Juan Carlos Romero (born June 4, 1976) is a Puerto Rican former professional baseball pitcher. He played in Major League Baseball (MLB) for the Minnesota Twins, Los Angeles Angels of Anaheim, Boston Red Sox, Baltimore Orioles, Philadelphia Phillies, Colorado Rockies, and the St. Louis Cardinals.

Playing career
Romero played college baseball at the University of Mobile. He was drafted by the Minnesota Twins in the 21st round of the 1997 MLB draft.

Romero was traded by the Twins to the Angels on December 9, 2005, for infielder Alexi Casilla.

Romero was one of the Puerto Rican players to agree to play for Puerto Rico in the 2006 World Baseball Classic.

On October 6, 2006, the Angels declined his contract option for 2007, making him a free agent.
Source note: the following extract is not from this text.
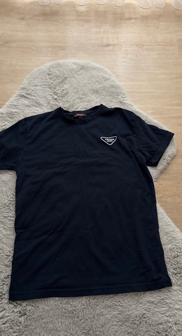 Lacivert pamuklu, kısa kollu, bisiklet yaka ve fitted kesime sahip Prada tişört, küçük logo baskılıdır. Trendy gündelik stil için uygundur. Hiç giyilmedi

On December 15, he signed a one-year deal with the Boston Red Sox. However, on June 9, 2007, he was designated for assignment. and then released on June 19, 2007.

Philadelphia Phillies
On June 23, 2007, Romero signed with the Philadelphia Phillies. Romero finished the 2007 season with a stellar ERA of 1.81 in 56.1 innings pitched. Romero improved a weak Phillies' bullpen plagued by inconsistency and injuries, which posted a 3.17 ERA in the final stretch of September. He also played a crucial role in the Phillies' triumph on the last day of the season, when in a 6–1 victory over the Washington Nationals that capped the team's comeback against the New York Mets, Romero pitched one inning and struck out two. Romero was named the Phillies' top reliever for the postseason. On September 10, 2007, Romero agreed to an multi-year deal to remain with the Phillies.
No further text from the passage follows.